De mensen die zich inschreven waren naïef over het doel van het onderzoek, omdat hen alleen werd verteld dat ze werden uitgenodigd om deel te nemen aan onderzoek naar rugpijn. De hypothese bleef dus geheim. Bovendien wist de controlegroep niet van het bestaan van een interventiegroep. Aangezien alles werd geregistreerd met behulp van een online enquête, waren deelnemers, beoordelaars en analisten blind voor de groepstoewijzing.
De bevindingen suggereren dat fysiotherapeuten het gebruik van korte educatieve video's kunnen overwegen als onderdeel van hun strategie om patiënten meer vertrouwen te geven om meer activiteiten te ondernemen ondanks rugpijn. Gezien het kleine effect moeten deze video's deel uitmaken van een alomvattende aanpak die ook andere educatieve en motiverende interventies omvat.

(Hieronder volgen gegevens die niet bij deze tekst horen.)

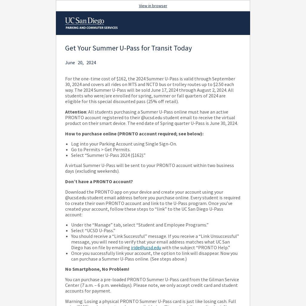Attention: All students purchasing a Summer U-Pass online must have an active PRONTO account registered to their @ucsd.edu student email to receive the virtual product on their smart device. The end date of Spring quarter U-Pass is June 30, 2024.
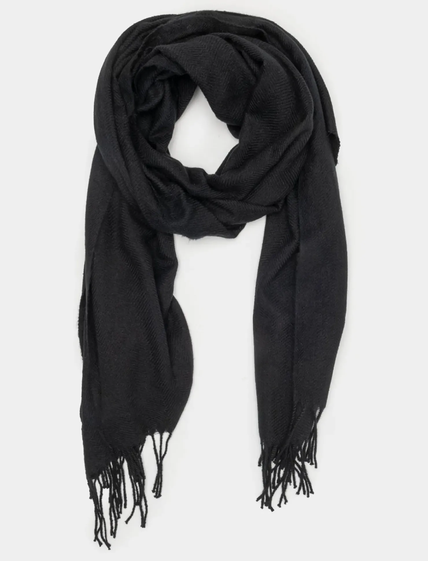Piazza Italia Sciarpa da donna in tinta unita con frange – Nero Fashion

Het onderzoek toonde aan dat een korte video-interventie het vertrouwen om meer te bewegen ondanks rugpijn licht kon verbeteren. De effectgrootte was echter klein en de klinische relevantie zou beperkt kunnen zijn. De humoristische video had geen significant voordeel ten opzichte van de neutrale video in het vergroten van het zelfvertrouwen.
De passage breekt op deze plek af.